Dari hasil penelitian menunjukkan sebagian besar responden adalah bersuku batak yaitu 17 orang (42,5%). Dan dari hasil tabel penyilangan menunjukkan bahwa ada hubungan tingkat nyeri dengan suku. Hasil penelitian ini sesuai dengan pernyataan yang dikemukakan Jihan (2009) bahwa suku Batak merupakan suku yang apresiatif dalam mengungkapkan nyeri yang dirasakannya. Orang belajar dari budayanya, bagaimana seharusnya mereka berespon terhadap nyeri misalnya seperti suatu daerah menganut kepercayaan bahwa nyeri adalah akibat yang harus diterima karena mereka melakukan kesalahan jadi mereka tidak mengeluh jika ada nyeri. Telah ditemukan bahwa orang Jawa dan Batak mempunyai respon yang

berbeda terhadap nyeri. Dia menemukan bahwa pasien Jawa mencoba untuk mengabaikan rasa sakit dan hanya diam, menunjukkan sikap tabah, dan mencoba mengalihkan rasa sakit melalui kegiatan keagamaan. Ini berarti bahwa pasien Jawa memiliki kemampuan untuk mengelola nya atau rasa sakitnya. Di sisi lain, pasien Batak merespon nyeri dengan berteriak, menangis, atau marah dalam rangka untuk mendapatkan perhatian dari orang lain, sehingga menunjukkan ekspresif. Hasil penelitian ini menunjukkan bahwa pasien dengan budaya yang berbeda dinyatakan dalam cara yang berbeda yang mempengaruhi persepsi nyeri.

Menurut hasil penelitian ini, 21 orang anak atau sekitar 55% anak menangis keras, dan takut ketika dilakukan pemasngan infuse karena menurut mereka nyeri yang dirasakan termasuk nyeri berat. Hal ini sesuai dengan data dari Craig KD dkk dalam Developmental changes in infant pain expression during immunization

injection (1984) ada beberapa karakteristik perkembangan respons anak terhadap

nyeri yaitu (1). Menangis keras dan berteriak; (2). Ekspresi verbal seperti “aduh”, “auw”, “sakit”; (3). Memukul-mukulkan lengan daan kaki; (4). Tidak kooperatif dan memrlukan restrain fisik; (5). Meminta agar prosedur dihentikan; (6). Bergelayut paddaa orang tua, perawat, atau oraang bermakna lainnya; (7). Meminta dukungan emosional, seperti pelukan atau bentuk lain kenyamanan fisik; (8). Dapat menjadi gelisah dan peka terhadaap nyeri yang berkelanjutan.
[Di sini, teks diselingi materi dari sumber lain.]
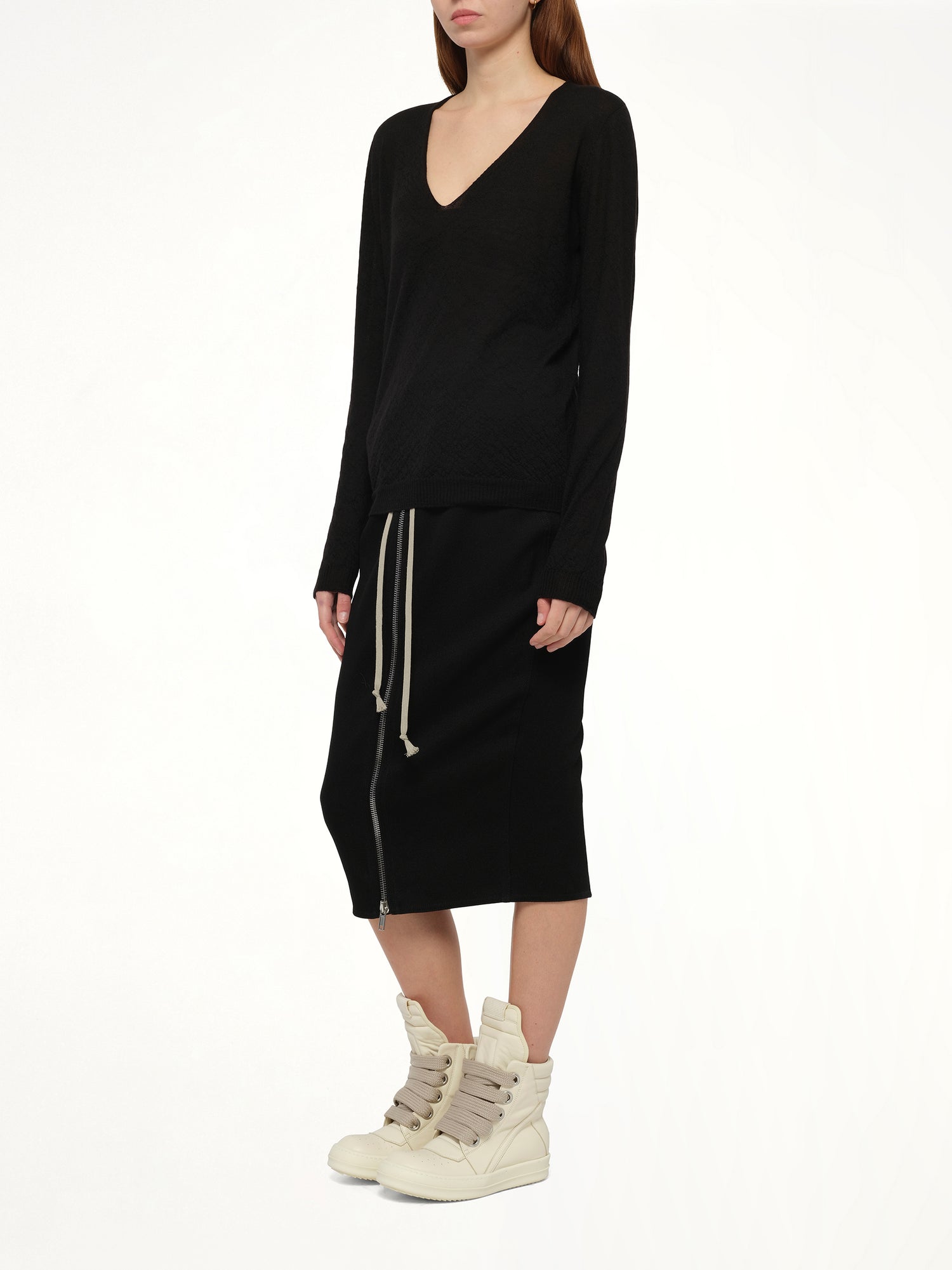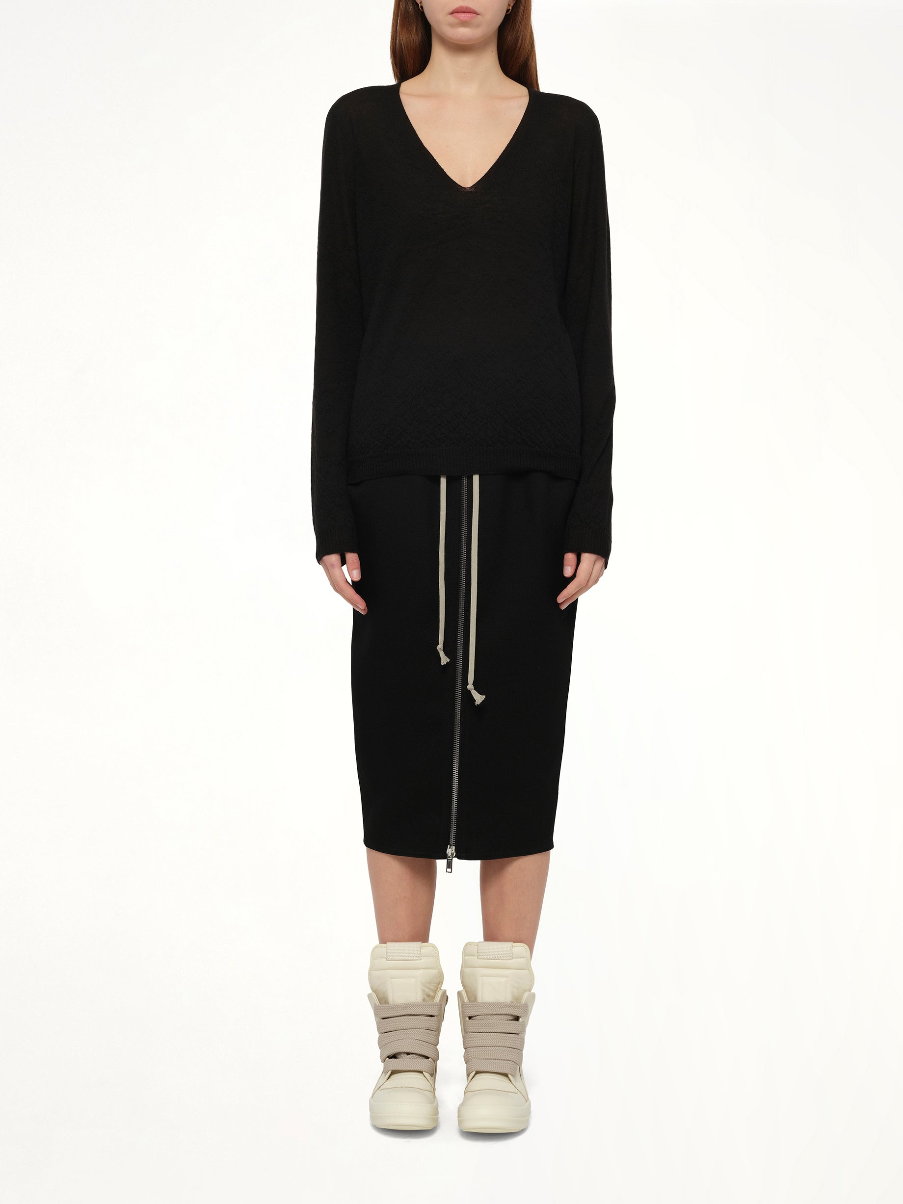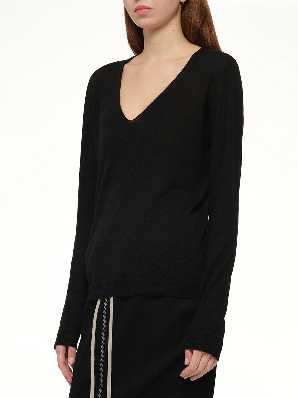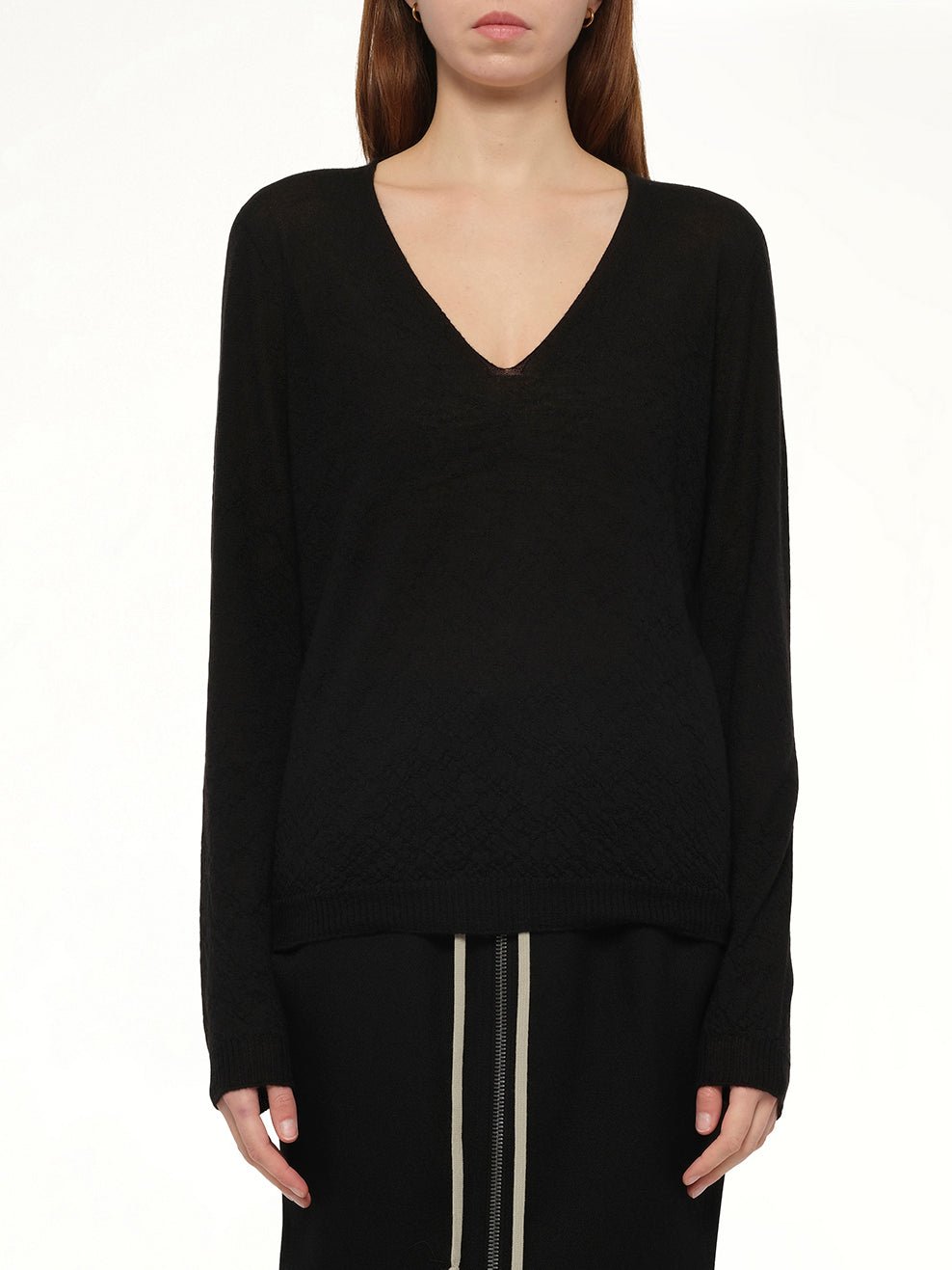 Rick Owens's Cashmere V-Neck Pull in Black is a luxurious and versatile addition to any wardrobe. Its minimalist design and premium craftsmanship make it a timeless piece for any occasion.

Dari hasil penelitian ini, dapat dilihat bahwa respon nyeri yang dirasakan anak usia prasekolah yang dilakukan pemasangan infus bervariasi itu dipengaruhi oleh beberapa faktor, salah satunya adalah pengalaman sebelumnya, apakah anak belum pernah ataau sudah pernah mendapatkan tindakan infuse. Sebanyak 25

orang anak atau 62,5 % belum pernah diinfuse sebelumya. Karena pengalaman pertama menimbulkan rasa takut akan cedera tubuh sehingga ras nyeri sering terjadi. Dan ini seiring dengn konsep perkembangan nyeri pada anak menurut Bibace R, Walsh ME (1980) dan Hurley A, Whelan EG (1988) mengatakan bahwa konsep nyeri pada pemikiran praoperasional (usia 2-7 Tahun) yaitu (1). Berhubungan dengan nyeri terutama sebagai pengalaman fisik dan konkret; (2). Dapat menganggap nyeri sebagiaa hukuman akibat kesalahan; (3). Cenderung menganggap seseorang sebagai yang bertanggung jawab untuk nyeri yang dialaminya dan dapat menyerang orang tersebut. Dan juga Hasil ini sesuai dengan teori yang diungkapkan oleh Potter & Perry (2006) bahwa jika individu pernah mengalami nyeri maka dimasa akan datang individu akan mampu untuk mentoleransi nyeri dengan lebih baik.

Dan dari hasil penelitian ini dapat dilihat bahwa rata-rata intensitas nyeri pada anak usia prasekolah yang dipasang infus yaitu 6,8 yang berarti termasuk dalam kategori antara nyeri berat dengan nyeri sangat berat. Dan ini sesuai dengan pembahasan di atas bahwa intensitas nyeri yang dirasakan dapat dipengaruhi oleh faktor usia, jenis kelamin, suku.